Irish newscaster and radio presenter (born 1958)

Eileen Dunne (born 28 April 1958) is an Irish retired journalist, newsreader and presenter with RTÉ, Ireland's national radio and television station, where she presented the main television news programmes Six One News, Nine O'Clock News and One O'Clock News including all other news bulletins on both radio and television from 1980 to 2022. She was the co-anchor alongside Sharon Ní Bheoláin of RTÉ's flagship Nine O'Clock News and presented afternoon bulletins for RTÉ Radio 1.

==Early life==
Dunne was born in Dublin. Her father was the RTÉ journalist, presenter and commentator, Mick Dunne, a native of Clonaslee, County Laois. She attended secondary school at Manor House School, Raheny. She studied Arts at University College Dublin.

==Career==
Dunne joined RTÉ in 1980 as a part-time radio announcer. She continued her teaching duties, while working part-time as a radio continuity announcer on RTÉ Radio 1. She began presenting television news bulletins in 1984.

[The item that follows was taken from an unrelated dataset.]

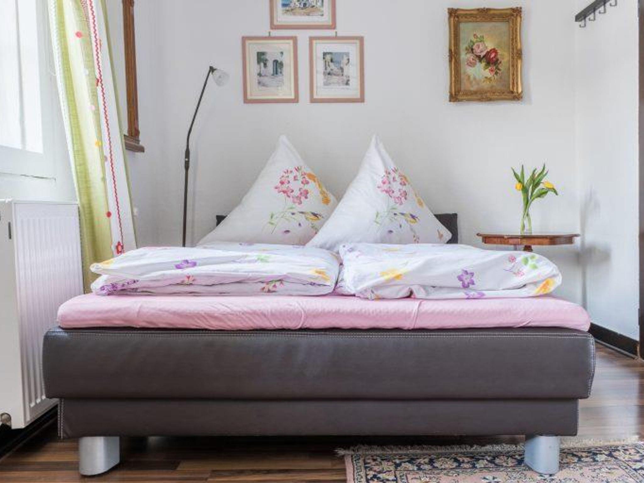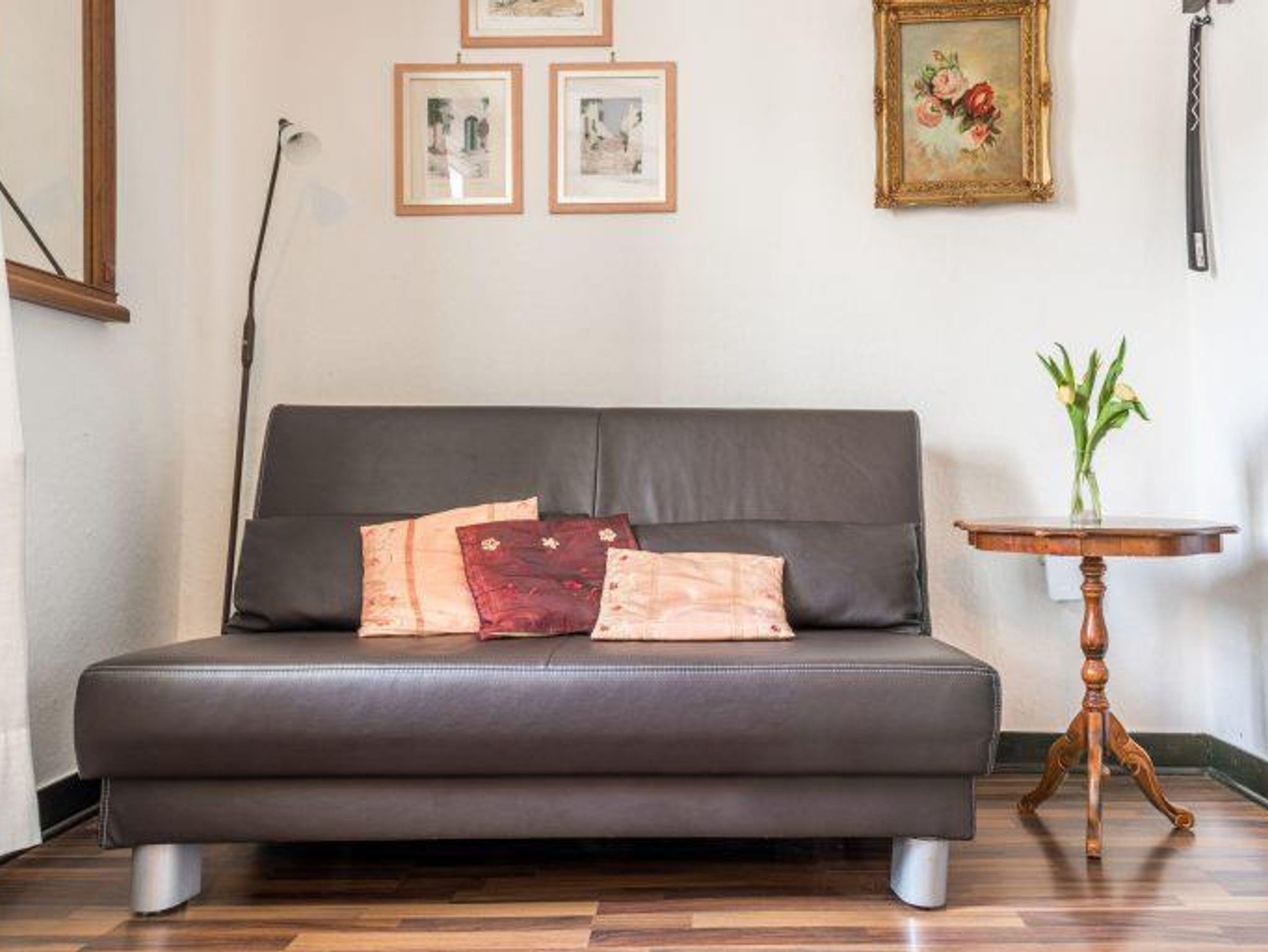 Die romantische Toskana-Suite im 1.Obergeschoss ist ein Zweizimmerappartement und bietet Ihnen ein Einzelbett (1,00×2,00m) im Schlafzimmer. Im Wohnzimmer steht eine Couch mit Schlaffunktion (1,40×2,00m) samt weichem Topper für angenehmen Schlaf, die auf Wunsch für die Übernachtung zwei weiterer Personen bereitsteht. Eine Kochzeile und ein separates Bad mit Badewanne stehen Ihnen ebenfalls zur Verfügung.

In addition to her news work, Dunne also presented the religious affairs programme The God Slot for RTÉ Radio 1 on Friday nights, having previously presented Eileen Dunne's Classic Melodies for RTÉ lyric fm until 2010. She was International President of the Association of European Journalists (2010–2014).

Dunne was the spokesperson giving the results of the Irish jury (and televote in 1998) in the Eurovision Song Contest between 1989 and 1998.

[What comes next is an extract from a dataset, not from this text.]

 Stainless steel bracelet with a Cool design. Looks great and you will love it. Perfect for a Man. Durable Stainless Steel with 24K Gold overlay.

Dunne regularly featured on RTÉ coverage of major state occasions. In 2016, she was co-anchor with Bryan Dobson for the official state commemoration of the centenary of the 1916 Rising. She provided the RTÉ television commentary on the state funerals of Garret FitzGerald (2011) and Albert Reynolds (2014) and the state commemoration of the Battle of the Somme (2016). Dunne also presented the coverage of Pope Francis's visit to Knock Shrine in 2018.

She presented news programmes from the UK on the State Visit of President Higgins there in 2014, from Dublin Castle and Croke Park during Queen Elizabeth's state visit to Ireland in 2011 and from Ballybunion during the then U.S. President Bill Clinton's visit to Ireland in 1998. She also presented from Rome on the inauguration of Pope Benedict in 2005 and his resignation in 2013 and from Blacksod Bay, Mayo on the day of the R116 Air Crash in 2017. Other major live news specials she presented include the 2000 Concorde crash on 25 July of that year, the result of the 2005 papal conclave on 19 April of that year, the IRA announcement that it was ending its armed campaign in Northern Ireland on 28 July 2005, the Green Party pulling out of government on 23 January 2011, and the arrival of the then U.S. President Trump in Ireland on 5 June 2019.

Dunne's final bulletin aired on 18 November 2022, after 42 years working for RTÉ.

In December 2023, Dunne was announced as one of the eleven celebrities taking part in the seventh season of Dancing with the Stars.

==Personal life==

She is married to the actor Macdara Ó Fátharta since 1993; he plays the part of the villain Tadhg in the Irish language TG4 drama, Ros na Rún. They have one son, Cormac.